Borough in Pennsylvania, US

Ferndale is a borough in Cambria County, Pennsylvania, United States. It is part of the Johnstown, Pennsylvania Metropolitan Statistical Area. As of the 2020 census, Ferndale had a population of 1,547.

==Geography==
Ferndale is located in southwestern Cambria County at (40.287974, -78.918091). It is bordered to the north by the city of Johnstown, to the west by the unincorporated community of Elim, and to the east and south by the Stonycreek River, across which to the south is Riverside.

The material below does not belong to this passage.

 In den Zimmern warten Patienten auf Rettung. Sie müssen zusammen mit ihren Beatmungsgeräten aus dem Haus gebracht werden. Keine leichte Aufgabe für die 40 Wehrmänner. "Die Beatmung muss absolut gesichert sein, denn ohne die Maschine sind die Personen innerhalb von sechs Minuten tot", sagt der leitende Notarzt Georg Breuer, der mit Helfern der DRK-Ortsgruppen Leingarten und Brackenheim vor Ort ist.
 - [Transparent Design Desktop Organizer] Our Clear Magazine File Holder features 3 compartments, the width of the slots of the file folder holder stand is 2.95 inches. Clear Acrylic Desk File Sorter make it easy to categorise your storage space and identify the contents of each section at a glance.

According to the United States Census Bureau, Ferndale has a total area of 1.07 km2, of which 1.01 km2 is land and 0.06 km2, or 6.00%, is water.

==Demographics==

As of the census of 2000, there were 1,834 people, 792 households and 521 families living in the borough. The population density was 5,198.2 PD/sqmi. There were 849 housing units at an average density of 2,406.3 /sqmi. The racial makeup of the borough was 98.47% White, 1.15% African American, 0.11% Native American, 0.05% Asian, and 0.22% from two or more races. Hispanic or Latino of any race were 0.22% of the population.

There were 792 households, of which 28.4% had children under the age of 18 living with them, 52.7% were married couples living together, 10.0% had a female householder with no husband present, and 34.2% were non-families. 30.3% of all households were made up of individuals, and 14.6% had someone living alone who was 65 years of age or older. The average household size was 2.32 and the average family size was 2.88.

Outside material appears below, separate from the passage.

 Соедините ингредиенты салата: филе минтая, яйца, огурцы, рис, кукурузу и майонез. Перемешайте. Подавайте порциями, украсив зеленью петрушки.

In the borough, the population was spread out, with 21.6% under the age of 18, 7.5% from 18 to 24, 28.5% from 25 to 44, 23.8% from 45 to 64, and 18.5% who were 65 years of age or older. The median age was 40 years. For every 100 females there were 88.5 males. For every 100 females age 18 and over, there were 83.5 males.

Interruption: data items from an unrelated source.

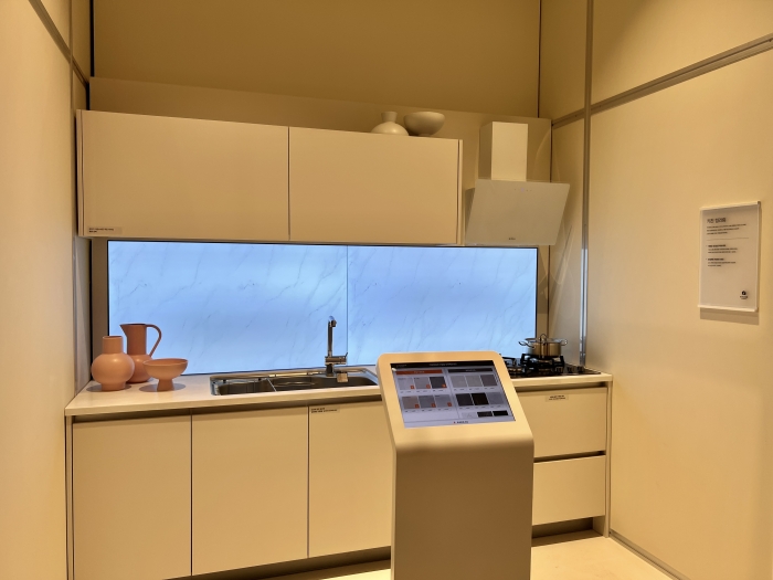 한샘 디자인파크 송파점 지하 1층에 위치한 '키친 컬러링'. 고객이 자유롭게 키친판넬과 타일을 조합해 나만의 공간을 만들 수 있다. 사진=윤서영 기자 |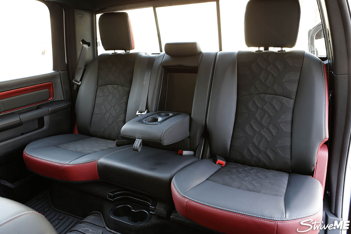 من ناحية اخرى، تتمتع رام ريبل بتجهيزات واماكن تخزين عديدة تضمن راحة الركاب، ومن المميزات التي لفتت انتباهنا في الداخل، امكانية طي المقاعد الخلفية وتحويلها الى سرير صغير ان اراد احد الركاب اخذ قسطاً من الراحة.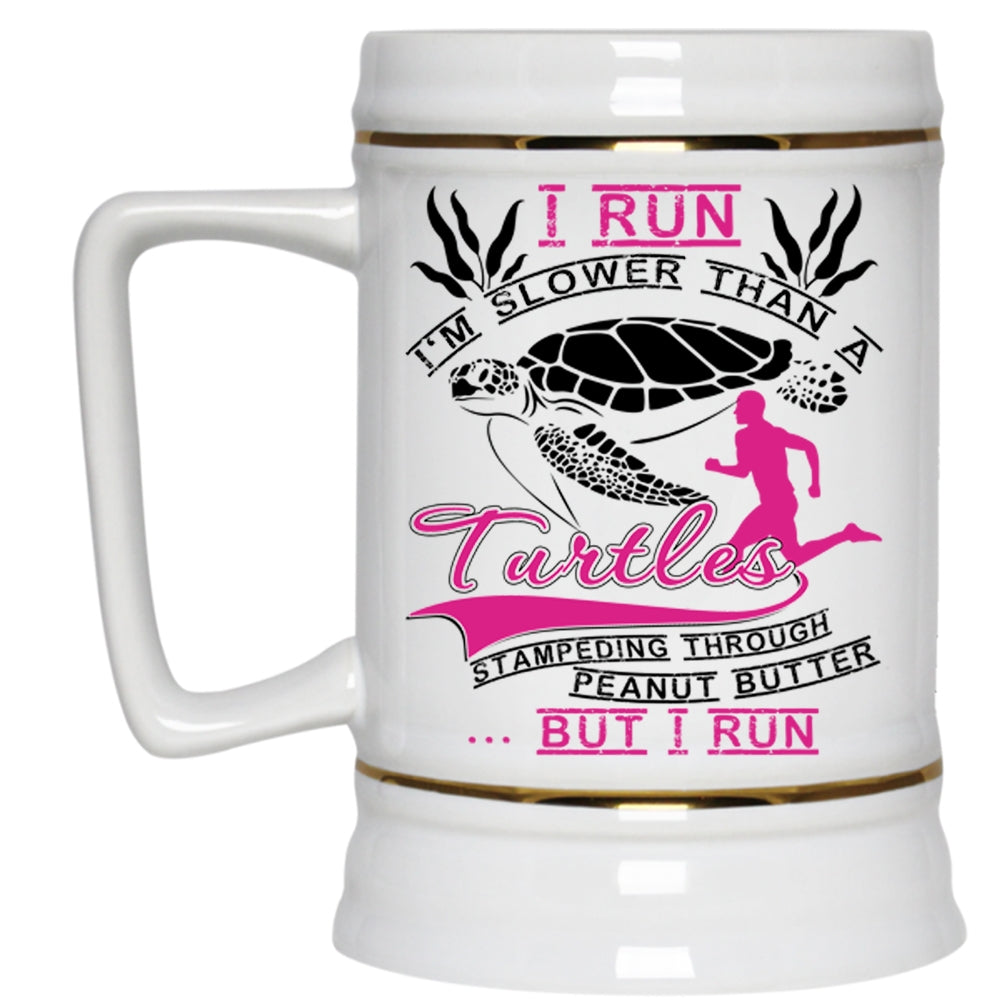 Funny Runners Beer Stein 22oz, I Run I'm Slower Than A Turtles Beer Mug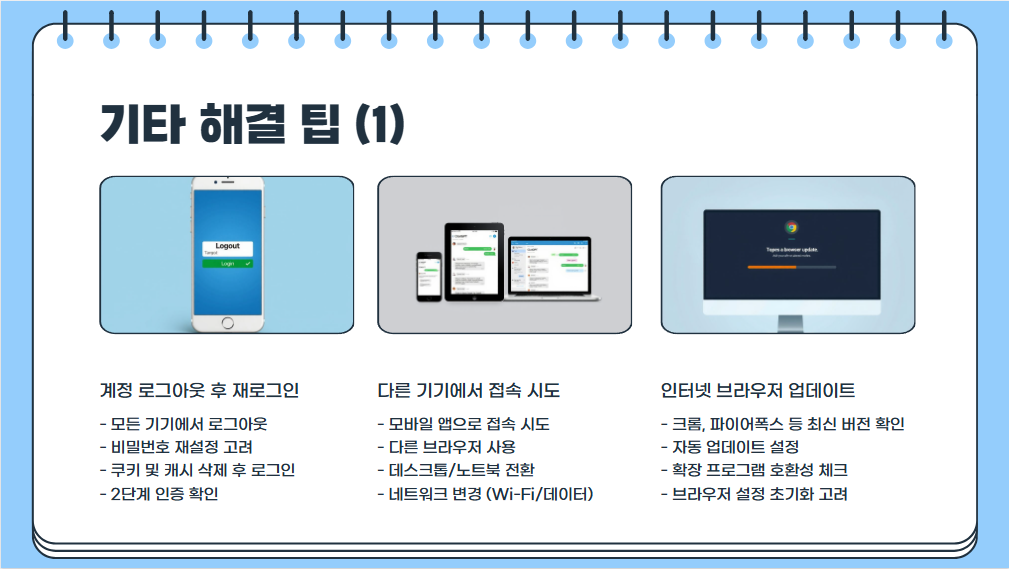 A7. 로그인 상태 확인하고, 다른 기기에서도 접속해보세요.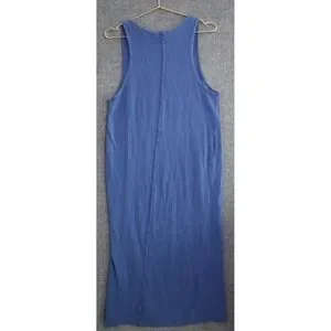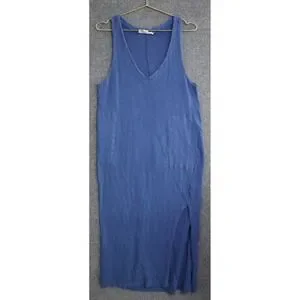 Free People Beach Dress Women Medium Blue Textured Cotton V Neck Slit Hem Maxi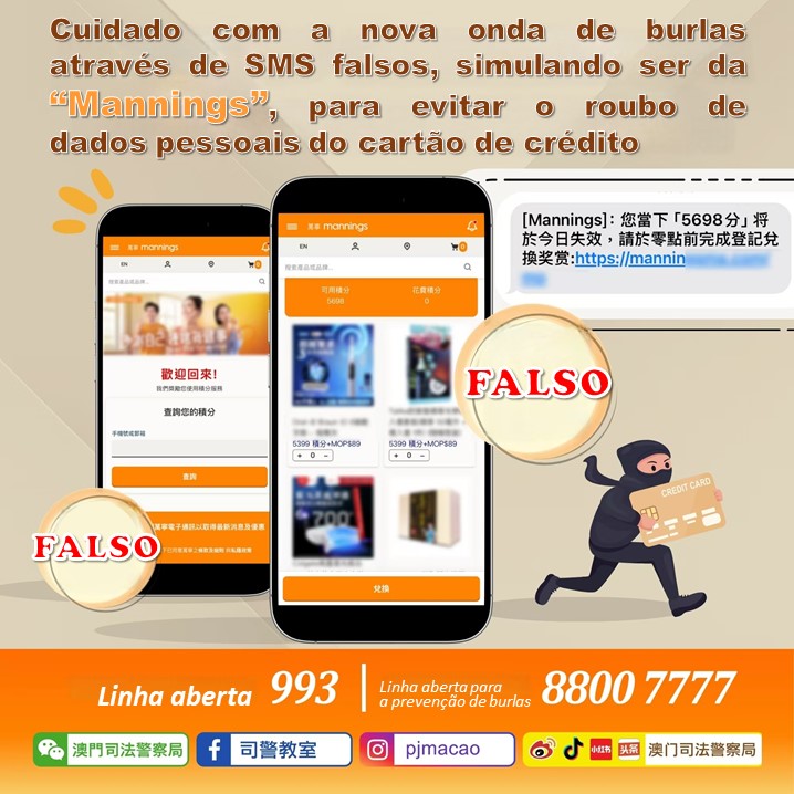 Recentamente, a Polícia Judiciária descobriu mensagens SMS de phishing que simulavam ter sido enviadas aleatoriamente pela “Mannings”, para os cidadãos de Macau. As mensagens alegavam que o prazo de validade dos bónus da sua conta estava prestes a expirar, induzindo as pessoas a clicar num link indicado nessa mensagem, para trocar pontos por produtos a preços baixos. Assim, os burlões roubavam informações dos cartões de crédito para realizar transacções de elevado valor não autorizadas.

The median income for a household in the borough was $32,617, and the median income for a family was $41,438. Males had a median income of $28,750 versus $20,000 for females. The per capita income for the borough was $25,750. About 4.1% of families and 8.9% of the population were below the poverty line, including 15.8% of those under age 18 and 8.6% of those age 65 or over.

Historical population
| Census | Pop. | Note | %± |
| 1900 | 224 |  | — |
| 1910 | 514 |  | 129.5% |
| 1920 | 1,450 |  | 182.1% |
| 1930 | 2,742 |  | 89.1% |
| 1940 | 2,740 |  | −0.1% |
| 1950 | 2,619 |  | −4.4% |
| 1960 | 2,717 |  | 3.7% |
| 1970 | 2,482 |  | −8.6% |
| 1980 | 2,204 |  | −11.2% |
| 1990 | 2,020 |  | −8.3% |
| 2000 | 1,834 |  | −9.2% |
| 2010 | 1,636 |  | −10.8% |
| 2020 | 1,547 |  | −5.4% |
Sources:

==Transportation==
Ferndale is located on Pennsylvania Route 403; Route 985 is nearby. The Pennsylvania Turnpike is 26 mi to the south in Somerset.

The borough is located on a CSX rail line; the nearest passenger train service is in nearby Johnstown, as is the Johnstown-Cambria County Airport.